___ Data section
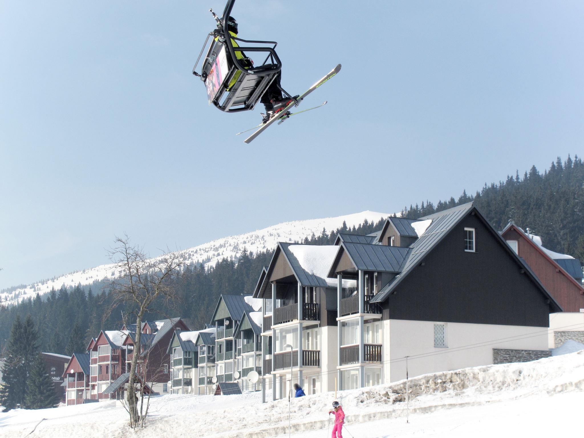 Modern, beautiful apartment house 1'000 m a.s.l.. 10 m from the centre of Horní Mísecky, 9 km from the centre of Vitkovice, 20 km from the centre of Jilemnice, in a sunny position on a slope, 50 m from the skiing area. For shared use: property, communal covered parking. Shop 9 km, supermarket 20 km, bus stop "Vítkovice, Horní Mísecky" 130 m. Slopes 50 m. Please note: no lift.
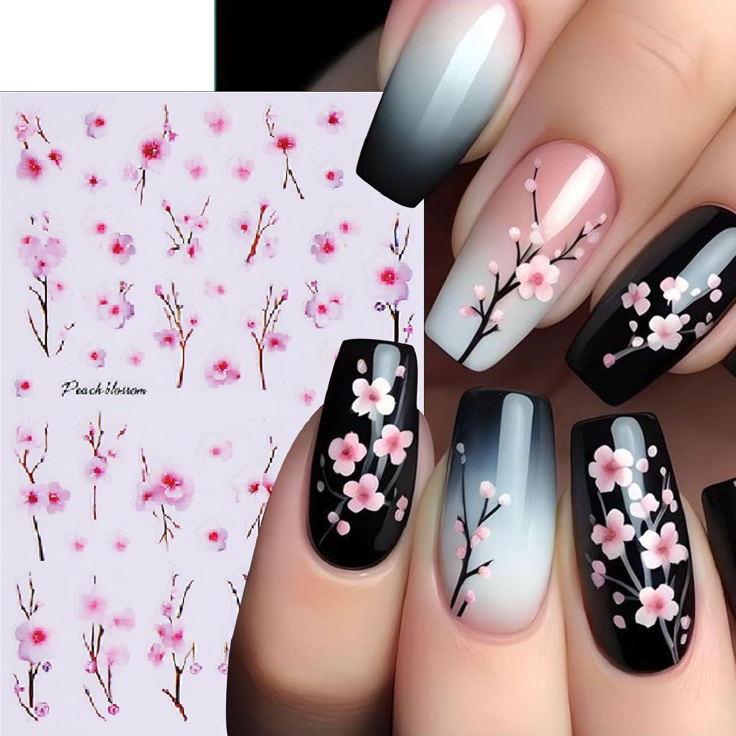 - Easy to Use:Peach blossom nail stickers decal are self-adhesive,completing fashion-cool nail art design in just a few seconds. If you want to keep it for a long time, you need to apply nail polish on the surface for reinforcement
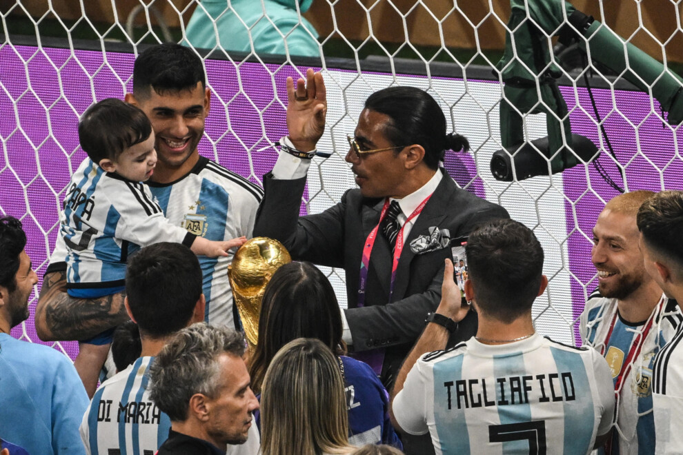 Todo comenzó con videos virales a través de las redes sociales. En uno, Lionel Messi le negó el saludo, en otro Lisandro Martínez hacía fuerzas para que no le quite la copa de sus manos y, finalmente, el Cuti Romero terminó cediendo ante la insistencia de Nusret Gokce, más conocido como Salt Bae, de querer alzar el trofeo que Argentina le ganó a Francia por penales.
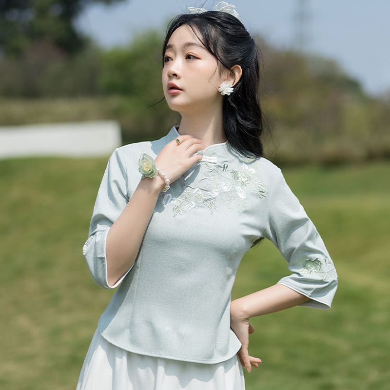 唐装文芸立襟改良茶服七分袖刺繍上着ウエストスカート2点セット
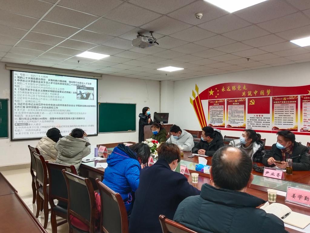 本次理论学习内容包括党的二十大精神、习近平新时代中国特色社会主义思想、疫情防控工作、普法宣传教育、清廉3044永利集团有限公司建设、师德师风建设六个专题,采取个人自学、主题研讨、集体学习等多种方式开展。刘小燕书记重点领学了党的二十大报告第五部分、《中共3044永利集团有限公司委员会关于深入学习宣传贯彻党的二十大精神的通知》、《习近平关于社会主义精神文明建设重要论述摘编》、《习近平总书记主持召开中共中央政治局常务委员会议 听取新冠肺炎疫情防控工作汇报 研究部署进一步优化防控工作》、《现行宪法公布实施40周年:保障中华民族实现伟大复兴的根本法》等重要文件和会议精神,传达学习了中央经济工作会议和学校中层干部学习贯彻党的二十大精神集中培训会等会议精神,并对学院寒假工作进行了安排部署。
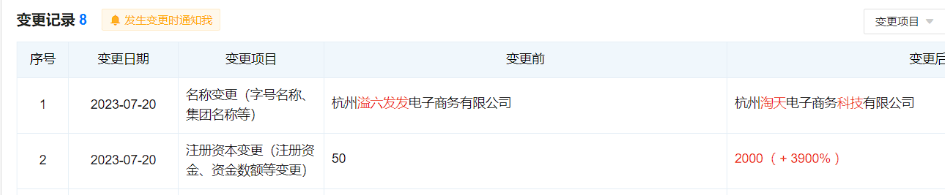 企業名稱更改為「杭州淘天電子商務科技有限公司」,並同時將註冊資本由50萬元增至2,000萬元人民幣,增幅39倍。
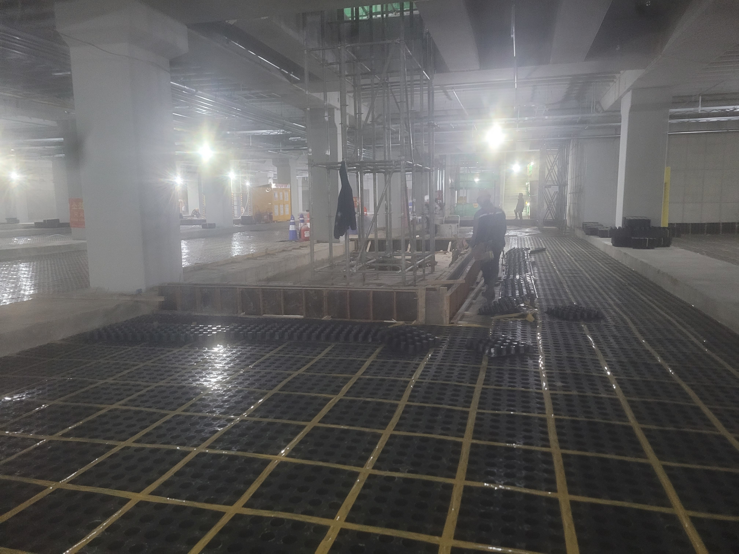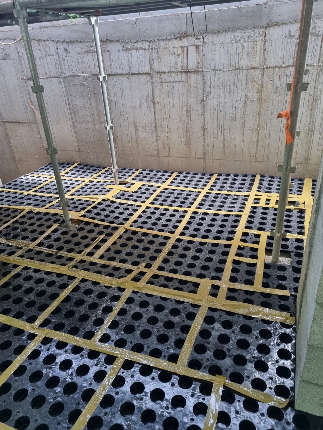 이곳은 바닥배수판 깔기전 한달의 시간이 있었는데,외벽 트렌치 방수턱을 만들때,패드 기초를 만들었어야지 바닥배수판 시공을 하고 있는데는 와서 걷어내고,이제와서 형들을 설치하고 있습니다.
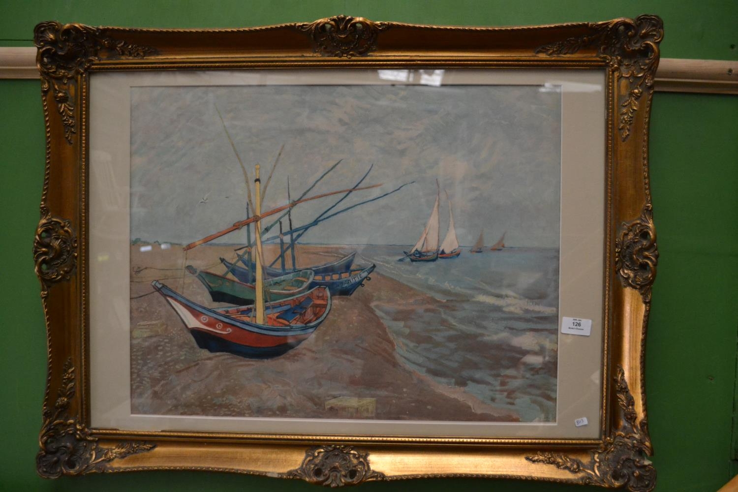 Van Gogh lithograph of Fishing Boats on the Beach. 56cm x 45cm
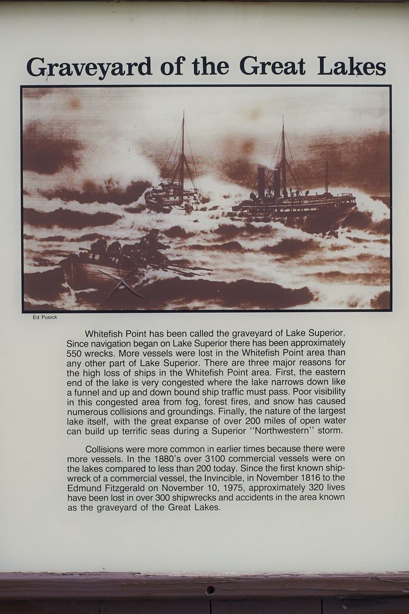 The shipwreck museum is a must-see if in the area. It surely gave us a feel for the dangers of shipping on the Great Lakes. And, of course, if you see the museum then you should see Upper Tahquamenon Falls as well.
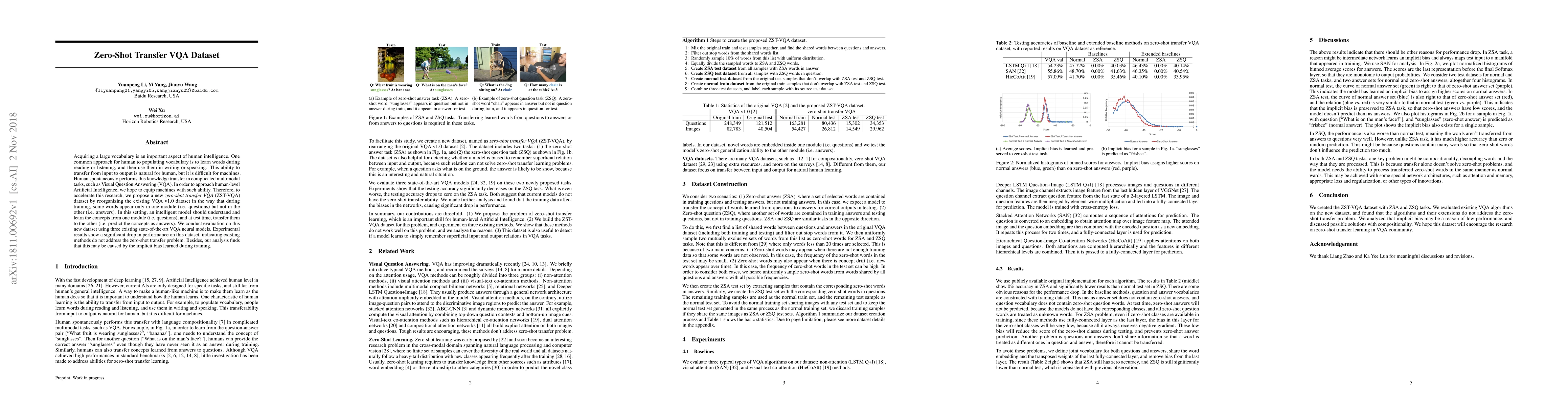 Acquiring a large vocabulary is an important aspect of human intelligence. Onecommon approach for human to populating vocabulary is to learn words duringreading or listening, and then use them in writing or speaking. This ability totransfer from input to output is natural for human, but it is difficult for machines.Human spontaneously performs this knowledge transfer in complicated multimodaltasks, such as Visual Question Answering (VQA). In order to approach human-levelArtificial Intelligence, we hope to equip machines with such ability. Therefore, toaccelerate this research, we propose a newzero-shot transfer VQA(ZST-VQA)dataset by reorganizing the existing VQA v1.0 dataset in the way that duringtraining, some words appear only in one module (i.e. questions) but not in theother (i.e. answers). In this setting, an intelligent model should understand andlearn the concepts from one module (i.e. questions), and at test time, transfer themto the other (i.e. predict the concepts as answers). We conduct evaluation on thisnew dataset using three existing state-of-the-art VQA neural models. Experimentalresults show a significant drop in performance on this dataset, indicating existingmethods do not address the zero-shot transfer problem. Besides, our analysis findsthat this may be caused by the implicit bias learned during training.
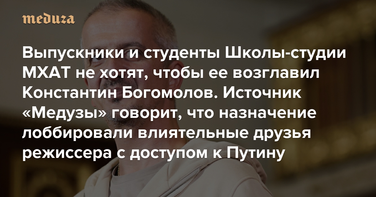 Выпускники и студенты Школы-студии МХАТ не хотят, чтобы ее возглавил Константин Богомолов Источник «Медузы» говорит, что назначение лоббировали влиятельные друзья режиссера с доступом к Путину
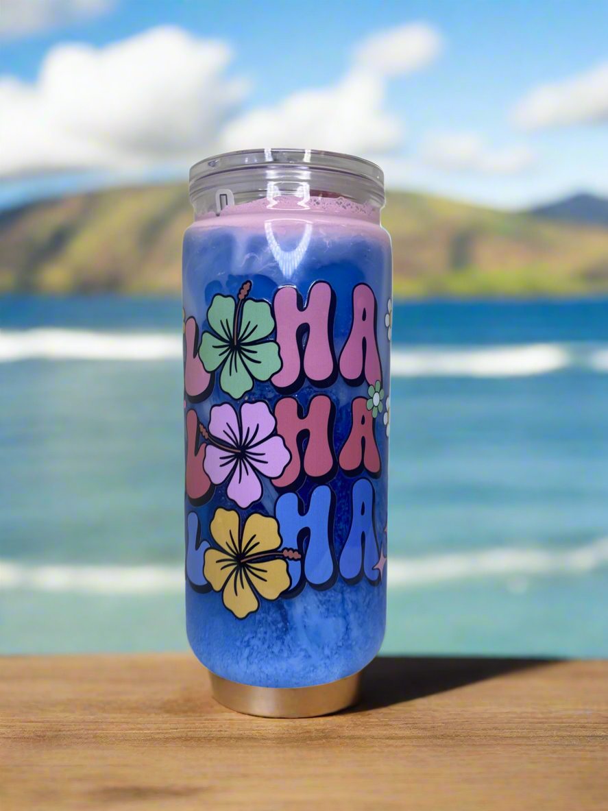 20 oz Acrylic Snow Globe. Dual Drip with light pink and dark blue solution. Features a Hawaiian themed UV FTF decal that says “Aloha”.
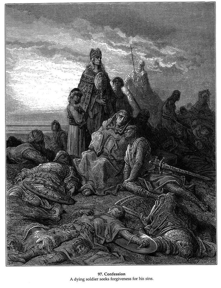 Nous vous proposons une reproduction artisanale sur toile du célèbre tableau 'Confessione' de Gustave Dore, provenant du Musée de la Reproduction.
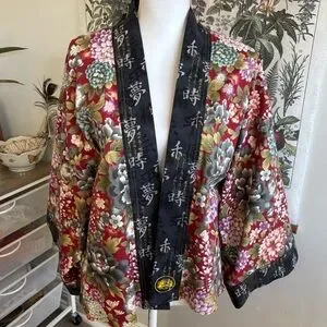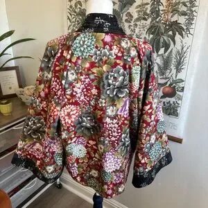 Elegant floral kimono jacket with a vibrant design. Perfect for adding a touch of sophistication to any outfit. So unique and great brand. Very rare find. Excellent condition, like new. 100% Cotton. Comes from a smoke free home.
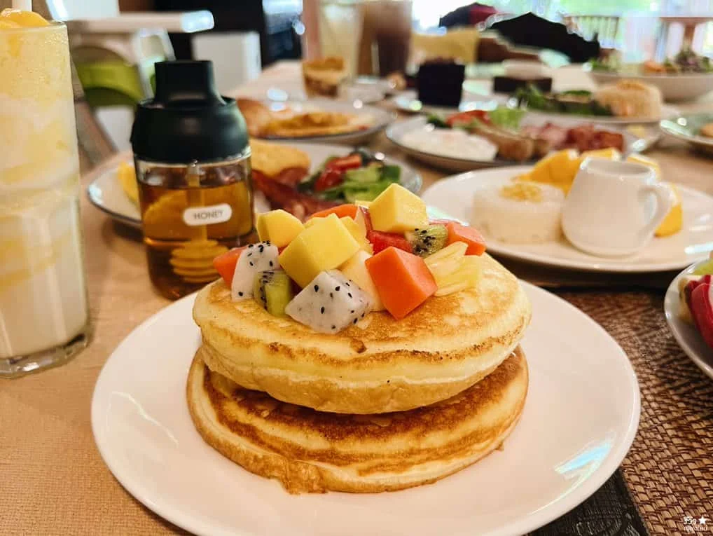 เมนู Pancakes with Fresh Fruit ราคา 125.- ราดด้วยน้ำผึ้ง นุ่มๆ หอม ละมุน
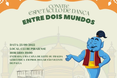 Encerrando a semana cultural, na sexta-feira (23) será a vez dos artistas locais subirem ao palco do Clube Piraiense para o espetáculo de dança Entre dois Mundos.
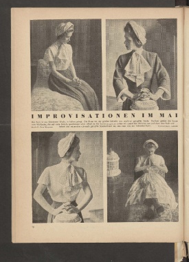 Der Rock ist aus kirschroter W olle, in Falten gelegt. Die Bluse mit der großen Schleife aus w eiß-rot getupfter Seide. Darüber gehört die kurze
______
§ **Exercise details**
The lines above starting at the one that holds "企業名稱更改為「杭州淘天電子" and ending at the one that holds "The shipwreck museum" are to be written out exactly, ends included, and no pictures are to be copied.

§ **Result of the exercise**
 企業名稱更改為「杭州淘天電子商務科技有限公司」,並同時將註冊資本由50萬元增至2,000萬元人民幣,增幅39倍。
 이곳은 바닥배수판 깔기전 한달의 시간이 있었는데,외벽 트렌치 방수턱을 만들때,패드 기초를 만들었어야지 바닥배수판 시공을 하고 있는데는 와서 걷어내고,이제와서 형들을 설치하고 있습니다.
 Van Gogh lithograph of Fishing Boats on the Beach. 56cm x 45cm
 The shipwreck museum is a must-see if in the area. It surely gave us a feel for the dangers of shipping on the Great Lakes. And, of course, if you see the museum then you should see Upper Tahquamenon Falls as well.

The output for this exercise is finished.